*** Opening Extracted records ***

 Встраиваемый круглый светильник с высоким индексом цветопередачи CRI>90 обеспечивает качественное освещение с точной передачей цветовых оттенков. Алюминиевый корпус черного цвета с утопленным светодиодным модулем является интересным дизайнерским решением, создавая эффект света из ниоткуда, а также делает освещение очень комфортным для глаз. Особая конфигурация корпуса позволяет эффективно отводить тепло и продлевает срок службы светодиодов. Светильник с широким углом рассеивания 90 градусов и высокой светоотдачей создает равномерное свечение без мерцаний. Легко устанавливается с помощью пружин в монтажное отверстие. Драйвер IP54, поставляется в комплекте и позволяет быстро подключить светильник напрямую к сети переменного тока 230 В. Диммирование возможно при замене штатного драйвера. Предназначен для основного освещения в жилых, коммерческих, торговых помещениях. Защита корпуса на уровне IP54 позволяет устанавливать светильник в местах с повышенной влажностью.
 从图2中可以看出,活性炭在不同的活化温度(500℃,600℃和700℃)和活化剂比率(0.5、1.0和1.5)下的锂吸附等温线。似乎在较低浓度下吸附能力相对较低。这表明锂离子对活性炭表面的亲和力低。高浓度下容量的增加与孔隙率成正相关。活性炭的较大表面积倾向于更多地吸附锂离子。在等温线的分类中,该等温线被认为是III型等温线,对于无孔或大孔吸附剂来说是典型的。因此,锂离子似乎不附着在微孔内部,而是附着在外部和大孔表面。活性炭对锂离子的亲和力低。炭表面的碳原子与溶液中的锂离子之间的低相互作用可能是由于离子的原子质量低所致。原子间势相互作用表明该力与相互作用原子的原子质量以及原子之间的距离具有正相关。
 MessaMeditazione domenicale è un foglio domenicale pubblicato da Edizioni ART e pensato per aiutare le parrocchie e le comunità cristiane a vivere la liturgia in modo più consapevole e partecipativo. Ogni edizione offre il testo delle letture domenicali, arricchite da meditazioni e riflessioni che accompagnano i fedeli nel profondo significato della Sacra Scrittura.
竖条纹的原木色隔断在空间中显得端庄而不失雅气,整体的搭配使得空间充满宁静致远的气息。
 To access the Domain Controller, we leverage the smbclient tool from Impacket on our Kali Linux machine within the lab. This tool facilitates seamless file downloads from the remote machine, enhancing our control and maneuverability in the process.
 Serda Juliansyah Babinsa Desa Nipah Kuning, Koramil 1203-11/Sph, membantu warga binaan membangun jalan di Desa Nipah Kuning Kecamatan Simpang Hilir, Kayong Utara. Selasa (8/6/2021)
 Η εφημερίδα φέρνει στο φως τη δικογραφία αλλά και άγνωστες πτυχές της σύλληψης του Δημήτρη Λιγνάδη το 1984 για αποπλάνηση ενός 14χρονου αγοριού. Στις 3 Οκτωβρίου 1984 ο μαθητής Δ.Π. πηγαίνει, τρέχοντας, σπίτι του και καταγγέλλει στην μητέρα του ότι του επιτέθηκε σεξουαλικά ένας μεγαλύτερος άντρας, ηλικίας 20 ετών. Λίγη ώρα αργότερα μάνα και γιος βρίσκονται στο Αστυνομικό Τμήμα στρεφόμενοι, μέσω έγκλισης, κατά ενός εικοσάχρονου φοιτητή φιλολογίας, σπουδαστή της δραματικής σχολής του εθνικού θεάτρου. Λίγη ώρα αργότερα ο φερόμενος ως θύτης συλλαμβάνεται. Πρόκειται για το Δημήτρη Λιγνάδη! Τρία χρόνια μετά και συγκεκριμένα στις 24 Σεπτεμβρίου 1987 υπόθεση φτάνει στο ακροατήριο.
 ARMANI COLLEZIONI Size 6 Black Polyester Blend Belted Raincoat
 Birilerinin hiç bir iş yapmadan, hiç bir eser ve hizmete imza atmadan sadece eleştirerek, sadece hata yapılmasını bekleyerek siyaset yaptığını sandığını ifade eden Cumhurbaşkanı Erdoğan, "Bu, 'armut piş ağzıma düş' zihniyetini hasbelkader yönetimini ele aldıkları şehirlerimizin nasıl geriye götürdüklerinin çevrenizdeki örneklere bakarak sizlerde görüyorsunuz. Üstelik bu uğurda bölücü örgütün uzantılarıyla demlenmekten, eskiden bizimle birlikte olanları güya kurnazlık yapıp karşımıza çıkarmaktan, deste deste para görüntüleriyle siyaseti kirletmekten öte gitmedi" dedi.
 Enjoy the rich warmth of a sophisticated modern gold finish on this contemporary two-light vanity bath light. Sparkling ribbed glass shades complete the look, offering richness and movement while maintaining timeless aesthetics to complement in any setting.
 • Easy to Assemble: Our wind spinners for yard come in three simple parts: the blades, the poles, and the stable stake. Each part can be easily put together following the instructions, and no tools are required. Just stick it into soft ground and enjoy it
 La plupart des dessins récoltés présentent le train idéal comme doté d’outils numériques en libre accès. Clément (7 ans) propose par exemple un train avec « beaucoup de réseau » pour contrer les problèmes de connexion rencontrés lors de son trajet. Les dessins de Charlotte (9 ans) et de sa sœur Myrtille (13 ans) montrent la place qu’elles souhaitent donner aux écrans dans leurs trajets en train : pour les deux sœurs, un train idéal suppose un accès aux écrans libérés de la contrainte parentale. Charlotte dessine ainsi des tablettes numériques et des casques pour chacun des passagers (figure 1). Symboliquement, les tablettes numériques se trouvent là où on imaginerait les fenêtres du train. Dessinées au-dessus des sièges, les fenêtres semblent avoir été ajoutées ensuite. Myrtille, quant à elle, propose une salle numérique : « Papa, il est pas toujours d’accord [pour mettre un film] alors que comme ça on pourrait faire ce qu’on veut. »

*** Closing Extracted records ***

All that should be written out is the stretch of lines above between the one holding "To access the" and the one holding "Enjoy the rich", inclusive, exactly as given.

* Result of the exercise:
 To access the Domain Controller, we leverage the smbclient tool from Impacket on our Kali Linux machine within the lab. This tool facilitates seamless file downloads from the remote machine, enhancing our control and maneuverability in the process.
 Serda Juliansyah Babinsa Desa Nipah Kuning, Koramil 1203-11/Sph, membantu warga binaan membangun jalan di Desa Nipah Kuning Kecamatan Simpang Hilir, Kayong Utara. Selasa (8/6/2021)
 Η εφημερίδα φέρνει στο φως τη δικογραφία αλλά και άγνωστες πτυχές της σύλληψης του Δημήτρη Λιγνάδη το 1984 για αποπλάνηση ενός 14χρονου αγοριού. Στις 3 Οκτωβρίου 1984 ο μαθητής Δ.Π. πηγαίνει, τρέχοντας, σπίτι του και καταγγέλλει στην μητέρα του ότι του επιτέθηκε σεξουαλικά ένας μεγαλύτερος άντρας, ηλικίας 20 ετών. Λίγη ώρα αργότερα μάνα και γιος βρίσκονται στο Αστυνομικό Τμήμα στρεφόμενοι, μέσω έγκλισης, κατά ενός εικοσάχρονου φοιτητή φιλολογίας, σπουδαστή της δραματικής σχολής του εθνικού θεάτρου. Λίγη ώρα αργότερα ο φερόμενος ως θύτης συλλαμβάνεται. Πρόκειται για το Δημήτρη Λιγνάδη! Τρία χρόνια μετά και συγκεκριμένα στις 24 Σεπτεμβρίου 1987 υπόθεση φτάνει στο ακροατήριο.
 ARMANI COLLEZIONI Size 6 Black Polyester Blend Belted Raincoat
 Birilerinin hiç bir iş yapmadan, hiç bir eser ve hizmete imza atmadan sadece eleştirerek, sadece hata yapılmasını bekleyerek siyaset yaptığını sandığını ifade eden Cumhurbaşkanı Erdoğan, "Bu, 'armut piş ağzıma düş' zihniyetini hasbelkader yönetimini ele aldıkları şehirlerimizin nasıl geriye götürdüklerinin çevrenizdeki örneklere bakarak sizlerde görüyorsunuz. Üstelik bu uğurda bölücü örgütün uzantılarıyla demlenmekten, eskiden bizimle birlikte olanları güya kurnazlık yapıp karşımıza çıkarmaktan, deste deste para görüntüleriyle siyaseti kirletmekten öte gitmedi" dedi.
 Enjoy the rich warmth of a sophisticated modern gold finish on this contemporary two-light vanity bath light. Sparkling ribbed glass shades complete the look, offering richness and movement while maintaining timeless aesthetics to complement in any setting.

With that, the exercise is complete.